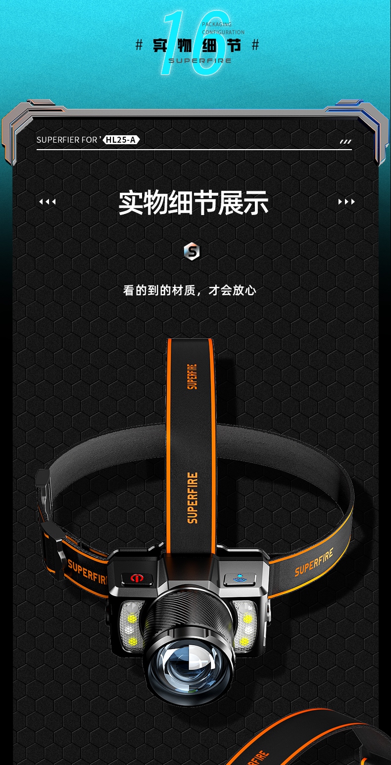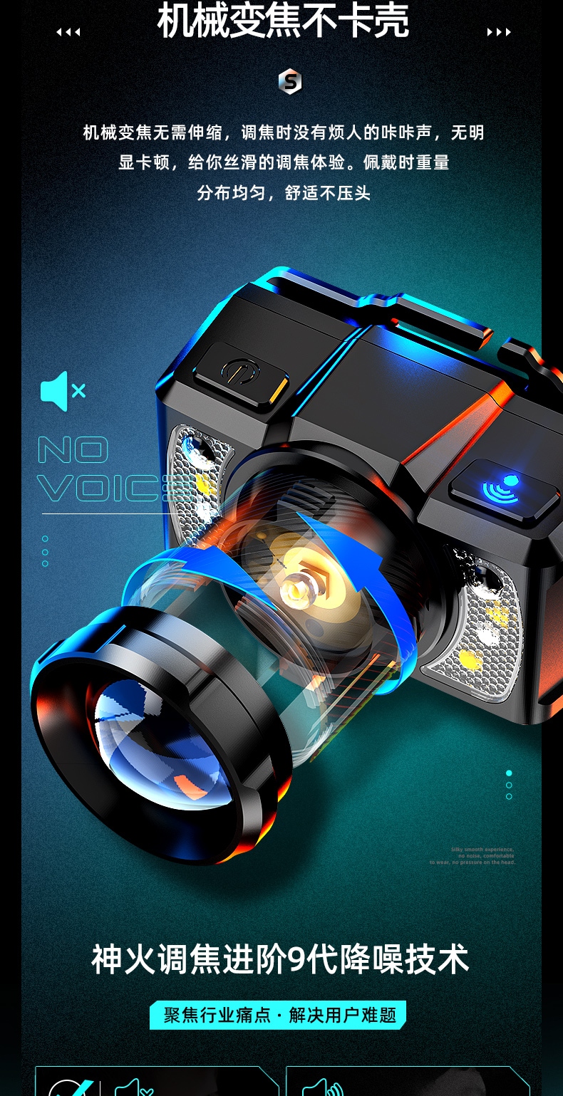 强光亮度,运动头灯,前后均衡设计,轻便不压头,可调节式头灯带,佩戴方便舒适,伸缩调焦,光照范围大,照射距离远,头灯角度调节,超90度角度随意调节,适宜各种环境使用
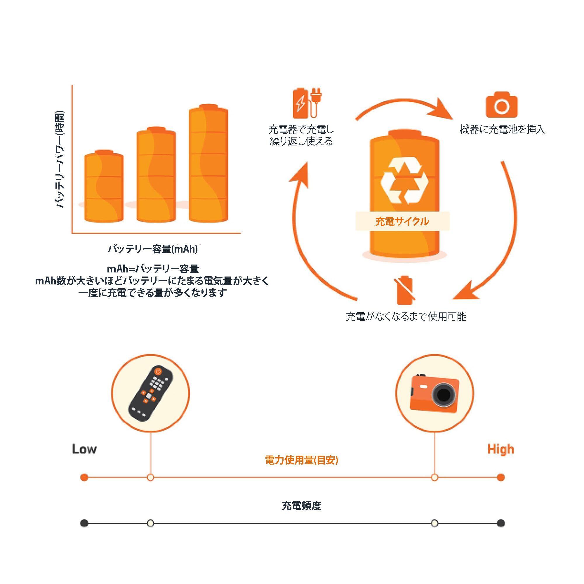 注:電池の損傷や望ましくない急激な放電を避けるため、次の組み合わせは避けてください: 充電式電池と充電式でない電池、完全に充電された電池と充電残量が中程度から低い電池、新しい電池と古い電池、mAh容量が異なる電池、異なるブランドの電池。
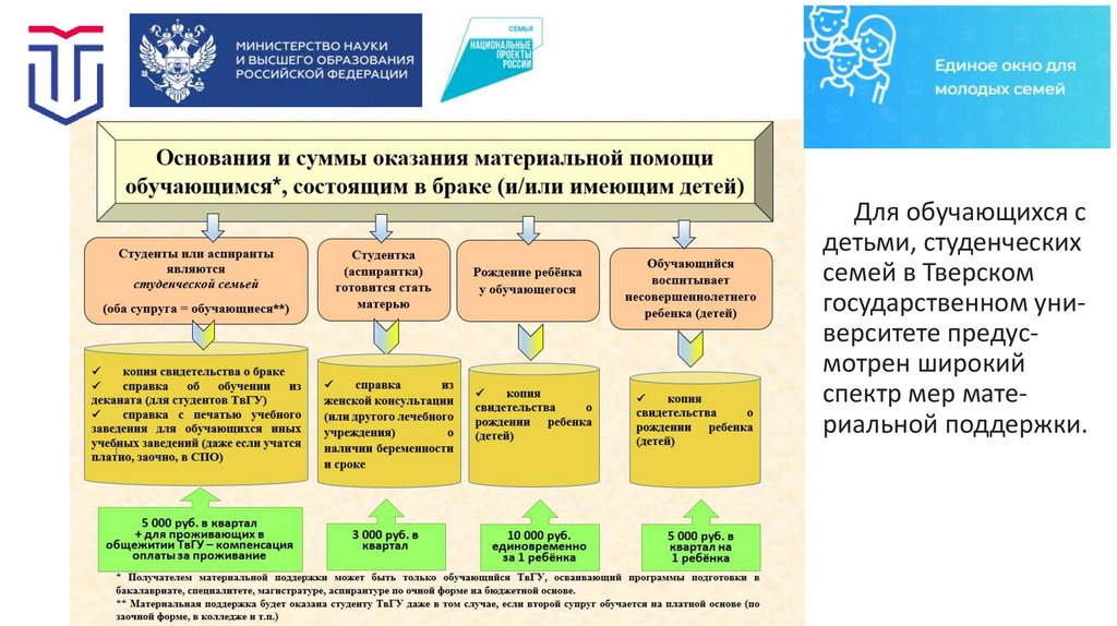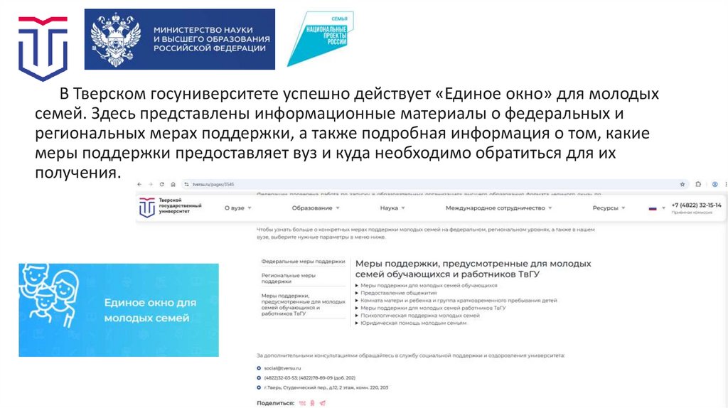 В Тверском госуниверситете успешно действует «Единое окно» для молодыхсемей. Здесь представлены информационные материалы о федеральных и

What to do -
Transcribe all of the material exactly and leave out its pictures.

Task response -
 强光亮度,运动头灯,前后均衡设计,轻便不压头,可调节式头灯带,佩戴方便舒适,伸缩调焦,光照范围大,照射距离远,头灯角度调节,超90度角度随意调节,适宜各种环境使用
 注:電池の損傷や望ましくない急激な放電を避けるため、次の組み合わせは避けてください: 充電式電池と充電式でない電池、完全に充電された電池と充電残量が中程度から低い電池、新しい電池と古い電池、mAh容量が異なる電池、異なるブランドの電池。
 В Тверском госуниверситете успешно действует «Единое окно» для молодыхсемей. Здесь представлены информационные материалы о федеральных и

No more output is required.